EĞİTİM - 23 Mayıs 2016 Pazartesi 14:18

Aziz Sancar: 'Vefa borcu, namus borcu; benim için önemlidir'

A
A
A
Aziz Sancar: 'Vefa borcu, namus borcu; benim için önemlidir'

2015 Nobel Kimya Ödülü'nü kazanan Türk bilim insanı Prof. Dr. Aziz Sancar, aldığı Nobel Ödülü’nün bir replikasını mezun olduğu İstanbul Üniversitesi’ne bağışladı. "Vefa borcu namus borcu; benim için önemlidir" diyen Sancar, ödülü aldığında hiç düşünmeden Anıtkabir’e bağışlamak istediğini belirtti.

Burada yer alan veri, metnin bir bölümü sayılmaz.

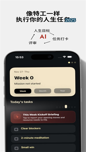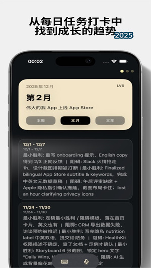 用户在应用“入职”时,即需在引导下登记其长期人生愿景,并据此拆解出明确的年度核心目标、季度关键成果与周度执行计划,形成结构化的 “年月周目标体系”。这一体系并非静态,内置的目标智能解析引擎会将宏大目标自动转化为一系列具体的、可衡量的行动任务。更重要的是,所有登记的目标会通过精美且信息丰富的 “桌面小组件” 在手机主屏常驻提醒,确保用户的人生主线任务时刻处于视觉焦点,有效对抗日常琐事的干扰,帮助用户从把握每日最小的胜利开始,稳步推进。
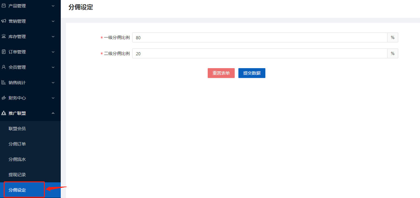 分傭設定:當商品設置參與推廣聯盟,那么設置的分傭比例,會根據設置的一級分傭比例和二級分傭比例劃分,一級的分配比例,二級的分配比例(一級+二級的比例等于100%)如下圖所示:
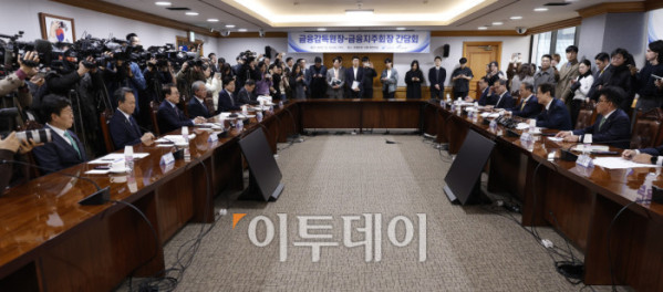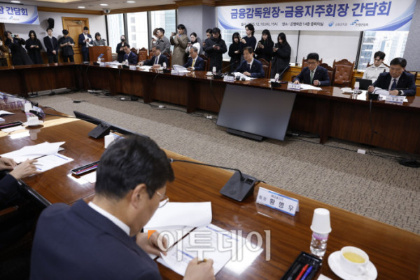▲이찬진 금융감독원장이 10일 서울 중구 은행연합회에서 열린 금융감독원장-금융지주회장 간담회에 참석하고 있다. 조현호 기자 hyunho@
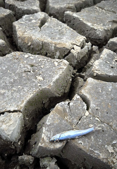一条小鱼干死在水库底部龟裂的於泥上。乔啟明 摄
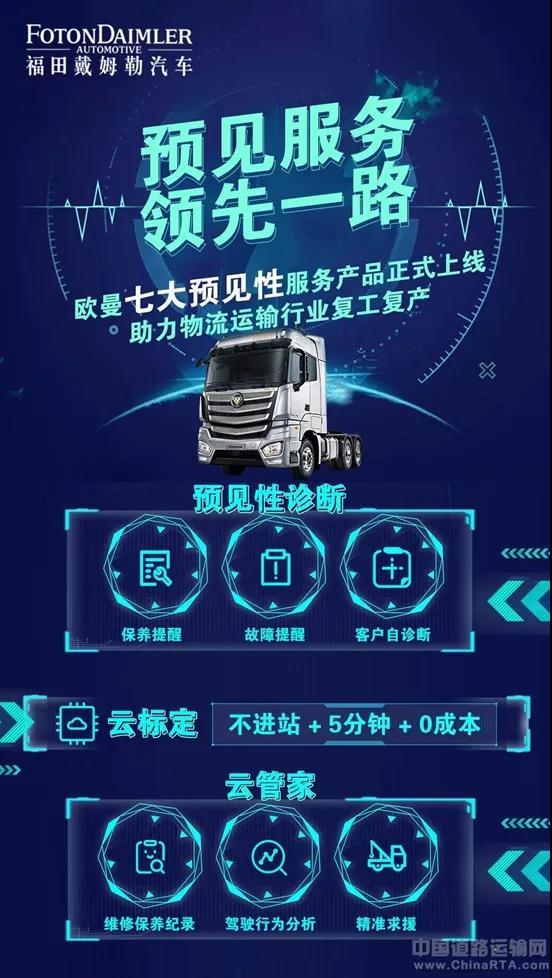 最近,欧曼重卡在业内率先推出了7大预见性服务,依托远程智能医生为用户提供更智能、更高效、更便捷的远程服务。如预见性诊断能提供保养提醒、故障提醒、客户自诊断等服务,实现故障早知道,全勤有保障;云管家借助智能车联网加福田e家线上服务系统,实时掌控车辆“身体状况”,监测车辆行驶状态;云标定(OAT)服务采用远程零成本的升级服务模式,电控模块远程升级不进站,单车标定服务只需5分钟,0成本,场景化标定数据匹配,更经济、更安全。
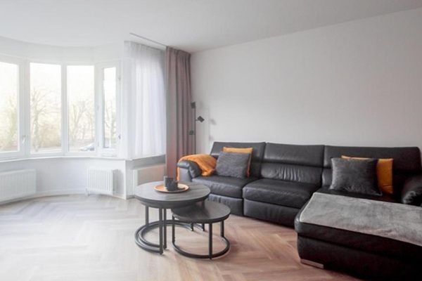 Indeling: Entree van het gebouw op de begane grond, entree van de woning bevindt zich op de eerste verdieping. De hal geeft toegang tot alle vertrekken. De ruime woon- en eetkamer bevat veel licht en heeft unieke ronde erker met wijds uitzicht over de Bezuidenhoutseweg en het Haagse Bos. De moderne keuken bevat alle benodigde inbouwapparatuur en geeft toegang aan de bijkeuken met aansluiting voor was- en droogmachine. De hal geeft verder toegang aan twee ruime slaapkamers waarvan de hoofdslaapkamer ook een balkon bevat op het zuidoosten met uitzicht over de wijk. De verzorgde badkamer heeft een ruime regendouche en een grote wastafel. De toilet bevindt zich separaat.
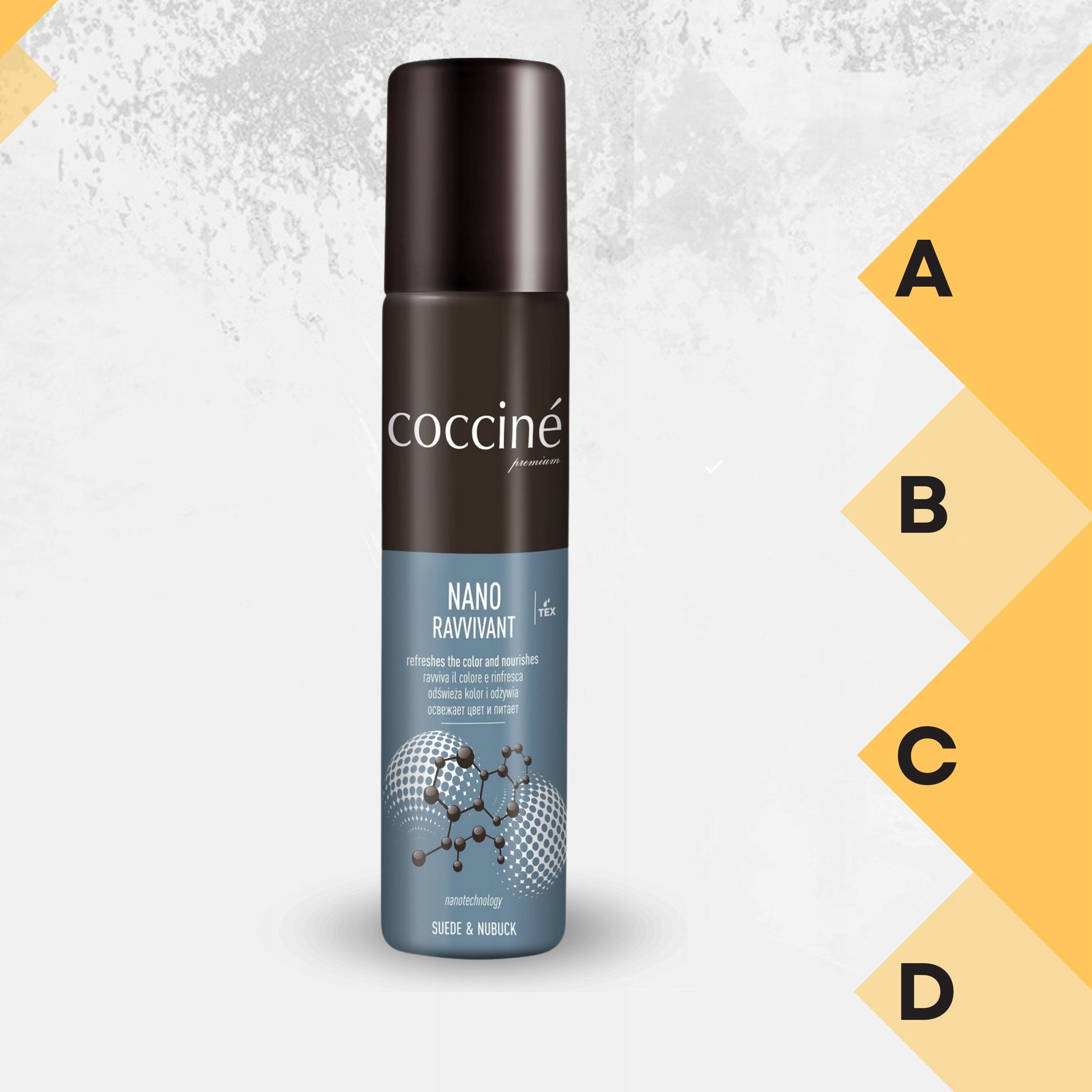 Spray-ul Coccine Ravvivant este o modalitate fiabila de a reinnoi culoarea si aspectul incaltamintei si accesoriilor din nubuc si piele intoarsa. Aceasta vopsea spray de inalta calitate combina eficient colorarea, ingrijirea si protectia. Alegeti un produs dovedit de la o marca reputata si redati-le pantofilor dumneavoastra gloria de odinioara!
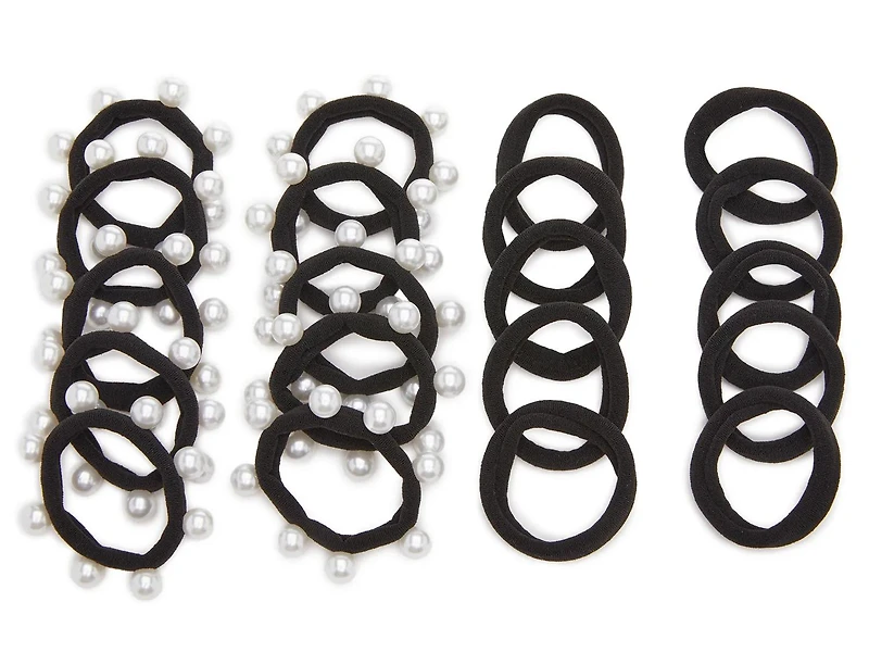 Pull your hair back in chic style with this hair tie set from Kelly & Katie. Featuring a seamless design made from a soft fabric to prevent damage. Half of the pack features faux pearl embellishments for added style.

İstanbul Üniversitesi Tıp Fakültesi mezunu olan Nobel Kimya Ödülü sahibi Türk bilim insanı Prof. Dr. Aziz Sancar, vefa örneği göstererek, aldığı Nobel Ödülü Madalyası’nın 3 replikasından birini İstanbul Üniversitesi'ne bağışladı.

“VEFA BORCU NAMUS BORCU, BENİM İÇİN ÖNEMLİDİR”
Büyük bir vefa örneği gösteren Prof. Dr. Aziz Sancar, “Vefa borcu, namus borcu. Benim için önemlidir. O bakımdan vefa borcunu ödemek için ödülü aldığımı duyunca hiç düşünmeden ödül madalyası Anıtkabir’e gidecek dedim. Anıtkabir Atatürk’ün de yattığı yerdir. Fakat ondan hariç cumhuriyeti temsil eder. Ben cumhuriyet eğitim devrimi halkalarından biriyim. Orada cumhuriyet eğitim devrimi müzesi var ve bunun oraya konması lazım. Neden oraya verdiniz diye soran gazetecilere de ‘başka nereye verilebilir’ diyorum. Ben 2 hediye verdim 4 tane aldım, çok sağ olun” şeklinde konuştu.

“MEMLEKETİMİZE HERHANGİ BİR KONUDA HİZMET ETMEK DAHA ÖNEMLİ”
Nobel Ödülü almanın da çok önemli bir şey olduğunu belirten Prof. Dr. Aziz Sancar, “Nobel ödülü hakkında birkaç şey söylemek istiyorum. Nobel almak önemli fakat memleketimize ve insanlığa herhangi bir konuda hizmet etmek daha önemli. Yaklaşık 2 milyar nüfuslu Çin ve biz Türkiye Nobel’de birer ödül aldılar. Bu bana büyük bir sevinç veriyor. Çünkü memleketimizin 2 milyar nüfuslu bir ülkeyle rekabet halinde görüyorum. İnşallah bu rekabet devam eder. Nobel alanlara 3 tane de replika madalya verilir. 3 replika aldık eşimle birlikte. Eşim kendisi de profesördür. Milletimizi, Türkiye’yi sever, takdir eder ve destek olmuştur. Onunla karar verdik ve replikaları alıp vefa borcumuzu onlarla ödeyeceğiz. Birisi ABD’de bana destek olan üniversiteye birisi de bana bilim öğreten İstanbul Tıp Fakültesi’dir bugün de onu rektörümüze takdim ettim” dedi.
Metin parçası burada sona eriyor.